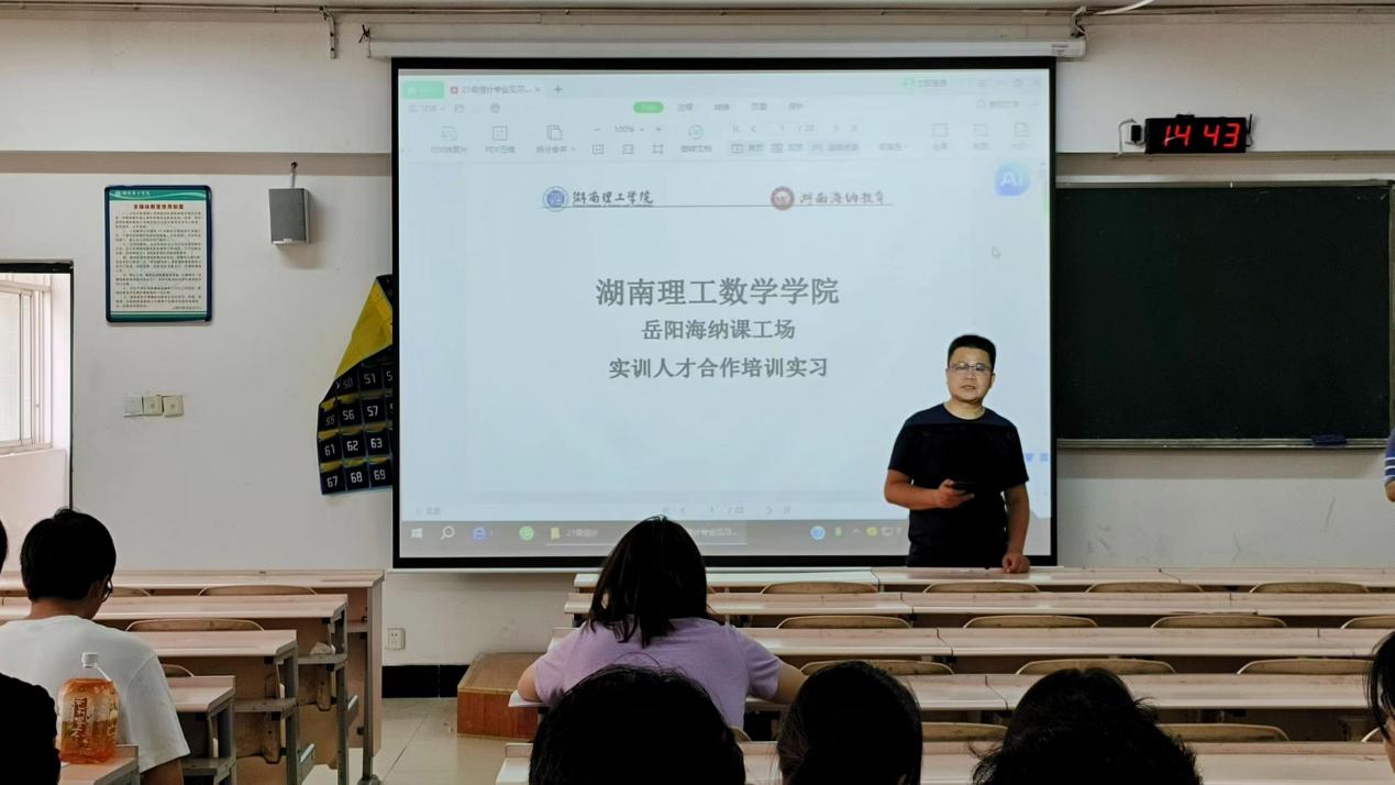 5月7号下午,数学学院于5308开展实训人才合作培训实习启动会,此次会议邀请了岳阳海纳课工场的教师刘艳和企业工程师陈峥担任主讲,2021届信计专业全体学生与会。
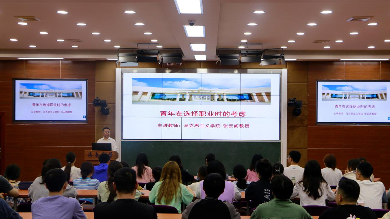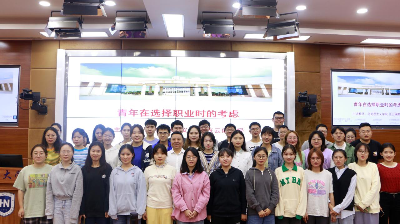 本次见面课的主题是《青年在选择职业时的考虑》。主讲教师马克思主义学院院长、全国教书育人楷模、国家教学名师张云阁教授,以“理想和职业”为关键词,用生动、幽默的语言,援引马克思著作中的精彩部分,引导同学们思考“人为什么要有理想”、“理想与职业的关系”以及“青年马克思职业选择给我们的启示”问题。整堂课张老师以青年马克思选择职业时的考虑所具有的时代意义为主线,鼓励大家结合以人类幸福和自身的完美为职业选择的指针,选择最能为人类而工作的职业,心系国家,做一名坚定的马克思主义者。
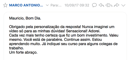 Mauricio, apesar de várias informações gratuitas na Internet, você me conquistou a investir no seu Treinamento por tudo que você propõe a compartilhar passando-me confiança e estímulos para conhecer melhor o aplicativo.Parabéns pelo seu trabalho e dedicação na qualidade do treinamento.
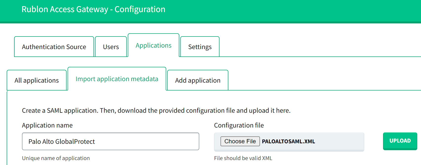 | Identity Provider Metadata | Upload the Rublon Access Gateway metadata file in XML format. You can get the metadata.xml file from Applications → Information for configuring applications with Rublon Access Gateway → DOWNLOAD METADATA. |
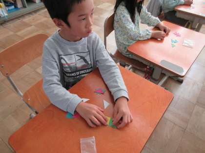 また、どのようにその形を作ったのか、ペアで説明しあうこともできました。
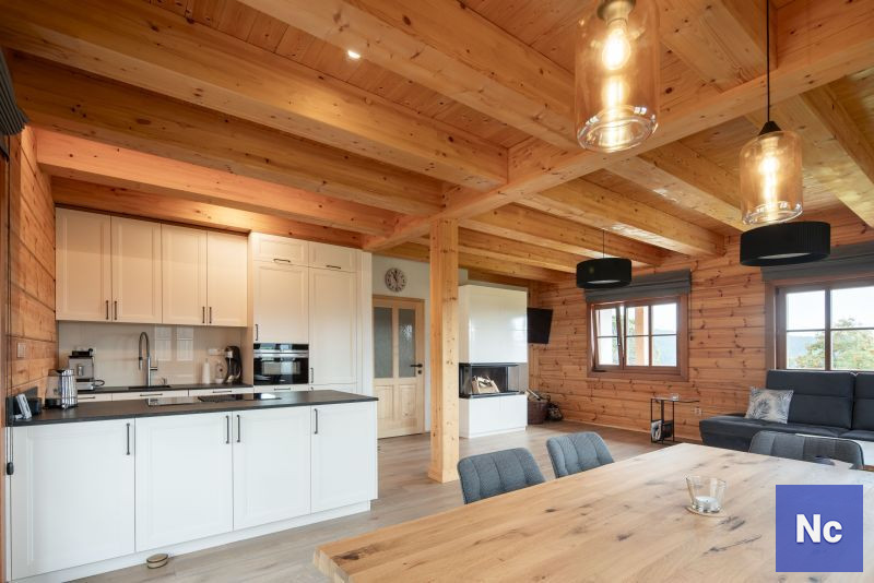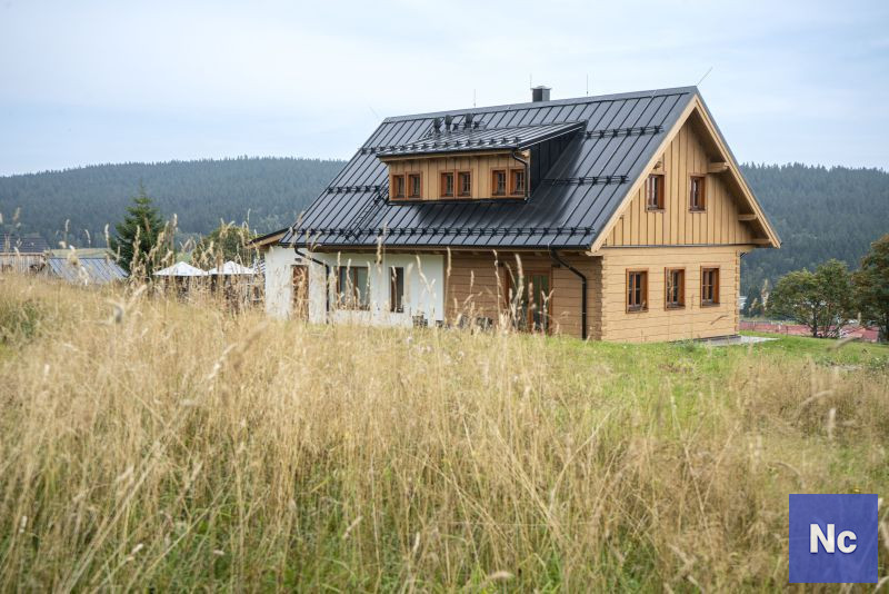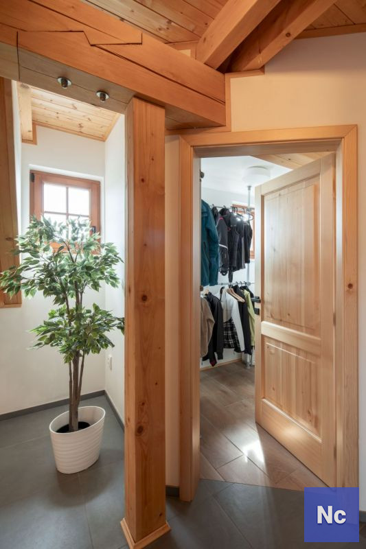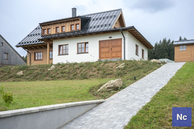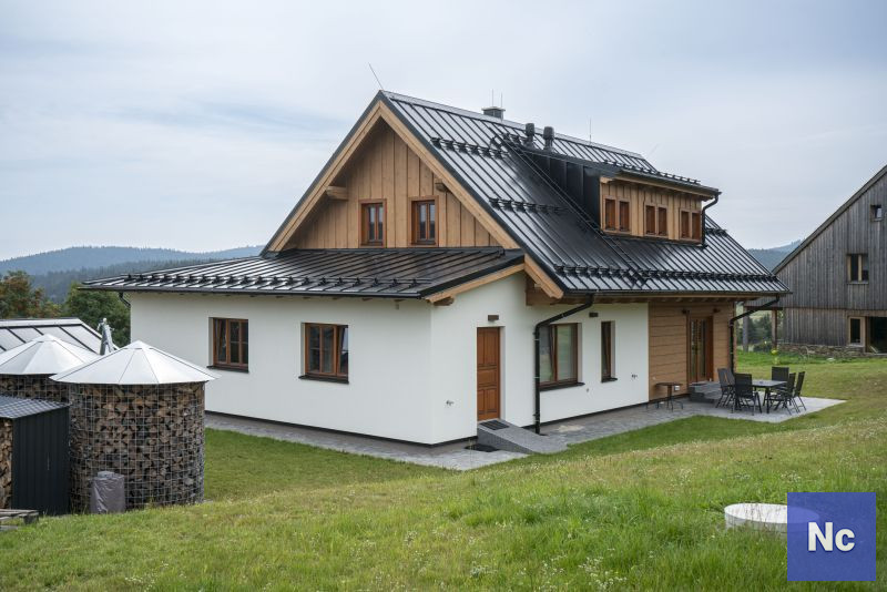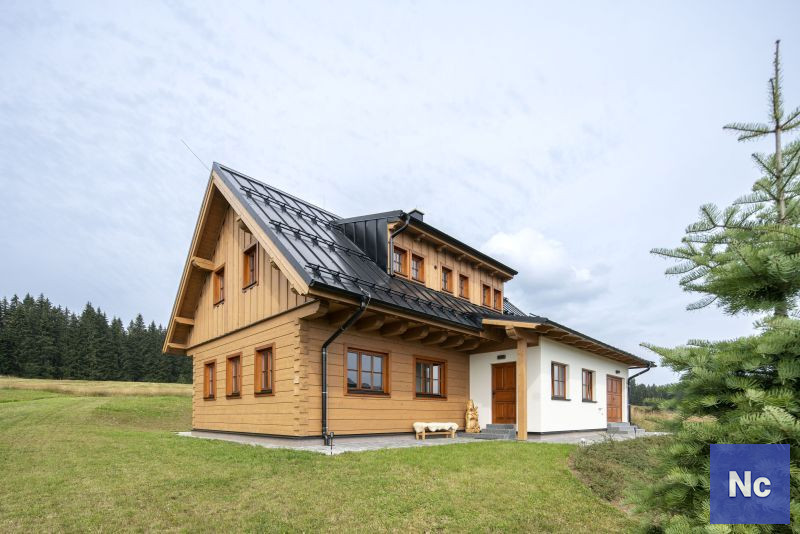 Konstrukční systém: obvodové masivní stěny z lepené finské borovice v kombinaci s obvodovými stěnami difuzně otevřeného systému NEMA EKO, vnitřní sendvičové příčky NEMA IN vč. nosných
——
— AIM OF THE TASK —
All the data above is to be transcribed exactly, with no pictures included.

— PROBLEM SOLUTION —
 5月7号下午,数学学院于5308开展实训人才合作培训实习启动会,此次会议邀请了岳阳海纳课工场的教师刘艳和企业工程师陈峥担任主讲,2021届信计专业全体学生与会。
 本次见面课的主题是《青年在选择职业时的考虑》。主讲教师马克思主义学院院长、全国教书育人楷模、国家教学名师张云阁教授,以“理想和职业”为关键词,用生动、幽默的语言,援引马克思著作中的精彩部分,引导同学们思考“人为什么要有理想”、“理想与职业的关系”以及“青年马克思职业选择给我们的启示”问题。整堂课张老师以青年马克思选择职业时的考虑所具有的时代意义为主线,鼓励大家结合以人类幸福和自身的完美为职业选择的指针,选择最能为人类而工作的职业,心系国家,做一名坚定的马克思主义者。
 Mauricio, apesar de várias informações gratuitas na Internet, você me conquistou a investir no seu Treinamento por tudo que você propõe a compartilhar passando-me confiança e estímulos para conhecer melhor o aplicativo.Parabéns pelo seu trabalho e dedicação na qualidade do treinamento.
 | Identity Provider Metadata | Upload the Rublon Access Gateway metadata file in XML format. You can get the metadata.xml file from Applications → Information for configuring applications with Rublon Access Gateway → DOWNLOAD METADATA. |
 また、どのようにその形を作ったのか、ペアで説明しあうこともできました。
 Konstrukční systém: obvodové masivní stěny z lepené finské borovice v kombinaci s obvodovými stěnami difuzně otevřeného systému NEMA EKO, vnitřní sendvičové příčky NEMA IN vč. nosných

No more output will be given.